Because carotenoids usually exhibit a large interindividual variability in their bioavailability,¹⁶⁴ depending on several host-related factors,²¹ establishing recommended daily allowances for carotenoids on the basis of the relationship between carotenoid intake and their blood or tissue concentrations is sensible at the population level. An important aspect will be to refine our knowledge about the individual determinants of carotenoid bioavailability, further metabolism and carotenoid-metabolite and retinoid-mediated signaling and resulting omics-based disease-marker expression in target tissues to provide possibly more personalized dietary recommendations based on individual characteristics (eg, sex, age, disease state, genetics, eating behavior).
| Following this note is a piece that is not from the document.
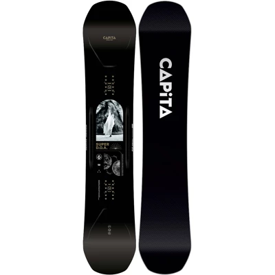 Le meilleur de Capita seulement que Supercharged. Le Super D.O.A. a une base plus rapide, un noyau plus léger et un stratifié plus rigide, se distinguant du DOA normal. Les parois latérales en Kevlar robuste et un laminé de lin tissé (Amplitex) rendent cette planche extrêmement solide et résistante. Tout comme le DOA, le SuperDoa est un camber twin avec un tip et tail plat. Convient aux riders de niveau avancé (ou plus), mais peut aussi être utilisé comme une planche haute performance pour du all-mountain.

Carotenoid intake recommendations may have to consider individual carotenoids or at least groups of carotenoids with similar effects (ie, relevant chronic health problems related to the respective carotenoid, and possibly the food matrix and bioavailability aspects) in addition to lifestyle factors such as gastrointestinal diseases, age, sex, or smoking status.²¹

However, more data, especially including accepted health and disease markers and including novel omics approaches, including lipidomics, transcriptomics, and proteomics, regarding any potential adverse effects, are needed to establish a better correlation and additional metabolic links between carotenoid intake, carotenoid status, and chronic disease prevention. Instead of dozens of individual studies focusing on selected aspects of the carotenoid-signaling pathway, a highly concerted action is advised involving a critical mass of competent groups in single- or multi-centered human supplementation trial focusing on low, average, and high carotenoid supplementation and targeting multiple relevant end points.

As a final simple and general take-home message regarding carotenoid intake, the following is suggested: Consumption of a large variety of food items is encouraged* especially combining several green-yellowish, yellow, orange, or pink-red food items, indicating a variety of carotenoids in food, with not too little** or too much^# of each single food component^&$.